Robbie Cox, who was recently named the Batesville School District’s transportation director, is the district’s Certified Employee of the Year. He has spent 28 of his 29 years in education at Batesville and was most recently the EAST lab teacher at the junior high school before accepting his new position. He has also driven a school bus for the past six years.
Robbie Cox, who was recently named the Batesville School District’s transportation director, is the district’s Certified Employee of the Year. He has spent 28 of his 29 years in education at Batesville and was most recently the EAST lab teacher at the junior high school before accepting his new position. He has also driven a school bus for the past six years.

Growing up, Robbie Cox loved fishing and wildlife and always thought he wanted a job where he worked outdoors all day. When he graduated from high school, Cox went to college, where he planned to enroll in the forestry program but said it did not take him long to figure out that was not the career path for him.

Instead, he considered education. He said he knew it was a big change, but he had teachers in his life who had made a huge impact on him, and he wanted to do the same.

Cox was recently named the Batesville School District’s Certified Employee of the Year.

With every education course he took, Cox said, he fell in love with teaching.

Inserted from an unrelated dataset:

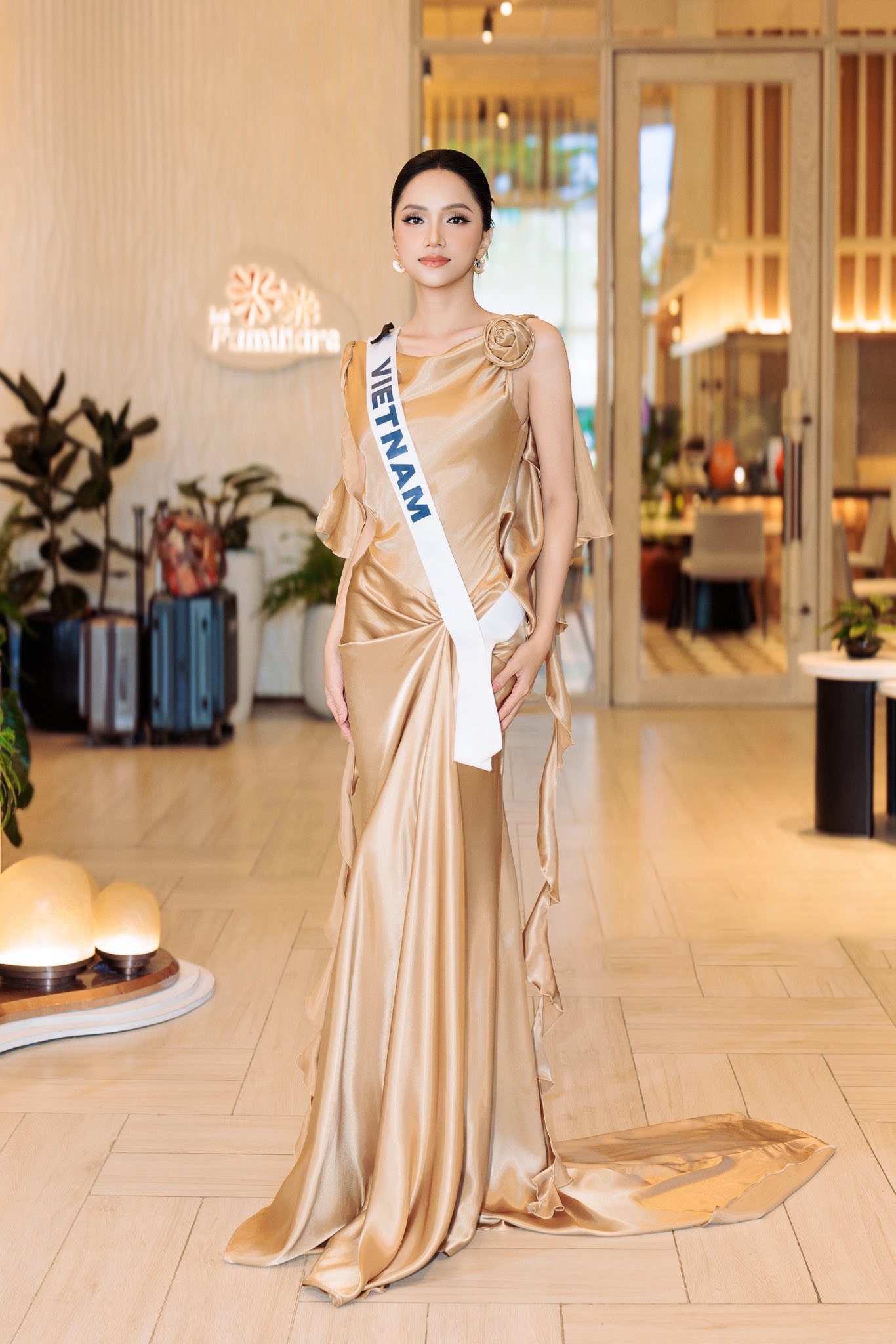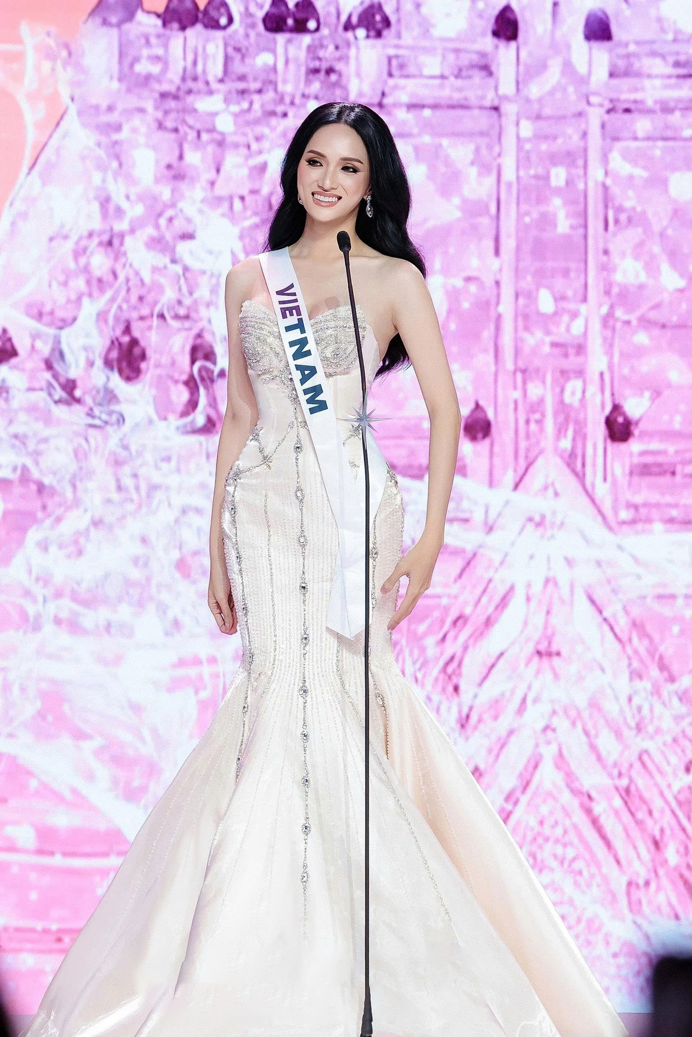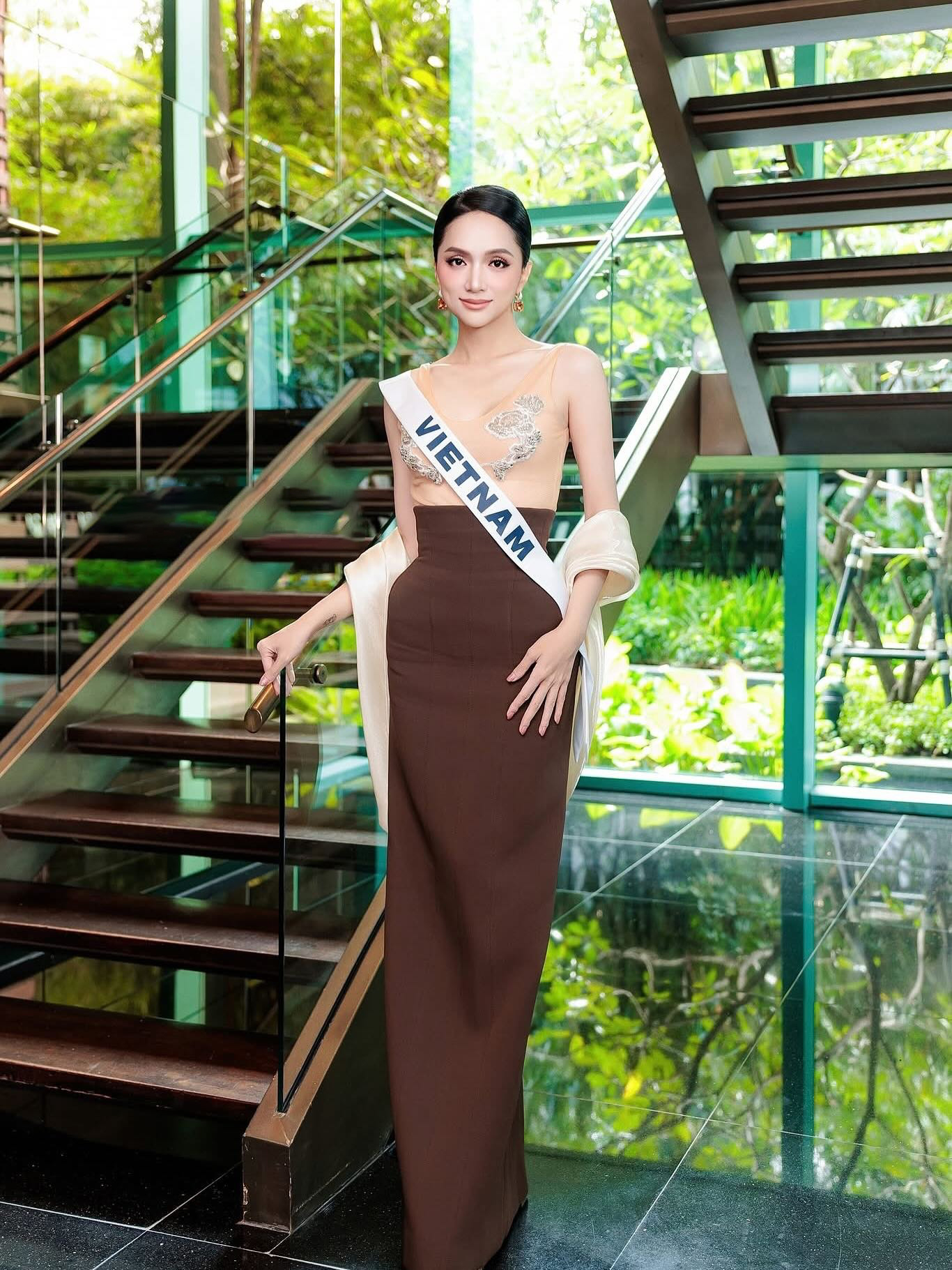 Stylist Le Minh Ngoc revealed that he and his team spent one month preparing 60 designs, along with numerous accessories, shoes, and sandals, for Huong Giang to wear at the competition. He prioritized party gowns that highlighted her figure while maintaining sophistication. To enhance her overall elegance, the beauty queen used handbags from Dior, Louis Vuitton, Hermes, and Ferragamo.
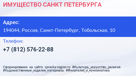 ИМУЩЕСТВО САНКТ-ПЕТЕРБУРГА по адресу 194044, Россия, Санкт-Петербург, Тобольская, 10 в дальнейшем Организация, размещена в следующих категориях:

His first year was at Batesville, where, with the exception of one year at Gravette, he has taught the rest of his career.

“Batesville’s my home,” he said, explaining that his family moved to the city with Arkansas Eastman in 1976, when he was in the third grade.

He said he started out his career teaching vocational business and computer science classes.

“I did that for 18 years; then Jeanne Roepcke and I started the EAST program in Batesville in 2010. That was a whole ’nother career change for me,” Cox said.

At that time, he said, the Environmental and Spatial Technologies (EAST) Initiative was growing in popularity, and Debbie Miller, then the school’s curriculum coordinator, approached Cox and asked him to look into starting an EAST program here. He said he toured about 15 schools and liked what he found.

“When I would walk into the classroom, I wouldn’t even talk to the facilitator,” Cox said. “I would talk to the kids because kids will tell you exactly how it is. … I learned the good, the bad and the ugly, and once I talked to the kids, I was sold on it, so I was excited to start that in Batesville …. “The biggest advantage of EAST is it’s 100 percent student-driven.

“Students come up with their own projects; they decide what problems in the community they want to solve. Anytime a student has ownership in their own learning, they will work a whole lot harder than if it’s something you just assign to a student.”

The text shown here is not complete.